You can invoke the Fifth at any time in the process, even at the first police interrogation, as long as you have been Mirandized.

It’s even more complicated than that. In Miranda & the 5th Amendment, the lawyer at the Legal Division at the Federal Law Enforcement Training Center in Georgia says that you can invoke the right as soon as you’re put into custody, sometimes even if not Mirandized. What is “custody”? A court has to decide.

Yes, but I wasn’t saying that you could only invoke the 5th at your own trial - in fact, I’m pretty sure you can never invoke the 5th at your own criminal trial ( as by taking the stand, you would have waived it). What I was saying is the prosecution is only seeking to prove you are guilty at your own trial - they aren’t looking to prove you are guilty at Fred’s trial.

I understand that. Everybody has been using the word “trial” and I just used your post as being handy to extend the concept: the privilege is not confined to trials.

And while it is certainly true that you waive privilege by taking the stand as a defendant in your own trial, other venues, like being called before Congress or in depositions, may require you to appear and declare in person. Neither of those existed, to my knowledge, when the Bill of Rights was written, so the Fifth had to be widened piece by piece to fit new circumstances.
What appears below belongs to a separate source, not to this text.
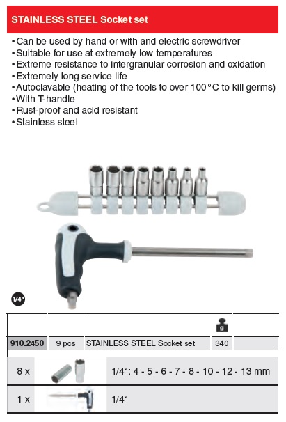 STAINLESS SOCKET SET 1/4" 9-PCS.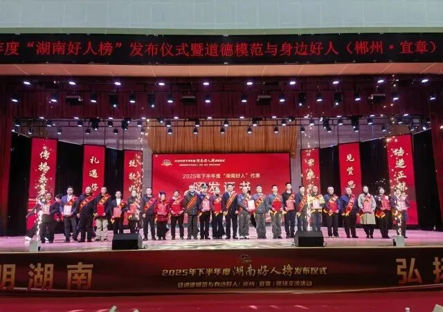 1月30日,2025年下半年度“湖南好人榜”发布仪式在宜章县举行。经严格评选,全省共有60人(组)群众身边好人光荣上榜。其中,我市7位市民以其感人的事迹和高尚的品德脱颖而出,荣登榜单,生动展现了张家界人民崇德向善的精神风貌。

This topic has been beaten to death in other threads, and if I recall the process mentioned - if the judge or prosecutor doesn’t like your answer 'the fifth" or if it doesn’t seem to be right, the judge can ask you in private to explain why the answer would incriminate you. This cannot be used against you (not sure if the prosecutor is present, but good idea if you have your own lawyer present. I presume somewhere in here the prosecutor can find out what he would need to grand immunity for if he wants your testimony) If the judge refuses to accept your reason, then you either testify or face contempt charges.

Complete hypothetical…

If you are the defendant in a criminal trial why not take the stand, say your bit then plead the fifth and take the contempt charge. Chances are the contempt charge is not as bad as whatever you are facing (penalty-wise).

Would that result in a mistrial? Even that might be preferable for the defendant. Keep doing that is probably better than a long-term prison sentence.
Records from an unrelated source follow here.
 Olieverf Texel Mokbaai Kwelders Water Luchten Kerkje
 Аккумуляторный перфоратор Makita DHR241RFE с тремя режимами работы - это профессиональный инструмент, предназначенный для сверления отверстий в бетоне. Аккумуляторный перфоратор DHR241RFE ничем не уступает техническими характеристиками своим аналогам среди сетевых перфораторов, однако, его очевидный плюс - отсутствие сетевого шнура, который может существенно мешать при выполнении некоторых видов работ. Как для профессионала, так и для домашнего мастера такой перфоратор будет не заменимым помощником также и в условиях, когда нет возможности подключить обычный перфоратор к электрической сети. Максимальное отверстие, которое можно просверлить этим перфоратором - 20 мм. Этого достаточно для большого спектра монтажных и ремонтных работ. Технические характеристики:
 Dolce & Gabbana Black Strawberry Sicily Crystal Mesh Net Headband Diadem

If you commit contempt in the face of the court, the court can direct that you be held in custody until you purge your contempt and comply with the court’s order. There’s no time limit on holding someone in that way.
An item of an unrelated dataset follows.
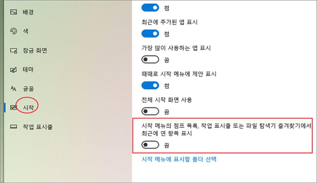 ▼ 시작 메뉴 화면에서 “시작 메뉴의 점프 목록, 작업 표시줄 또는 파일 탐색기 즐겨찾기에서 최근에 연 항목 표시” 를 끔으로 변경합니다.

Eventually, after a lengthy period, I suppose the judge might declare a mistrial (eg a jury trial where you can’t keep the jurors indefinitely), and then the trial would start again.

Taking the Fifth is something that the jury is specifically instructed not to hold against you.

Playing games like you said, I think that jury would be instructed to hold it against you, you have waived that protection by taking the stand.

So, no reason why you couldn’t, they can’t force you to answer questions you don’t want to answer, but you probably would have had a much better chance of acquittal if you had just kept your mouth shut from the start.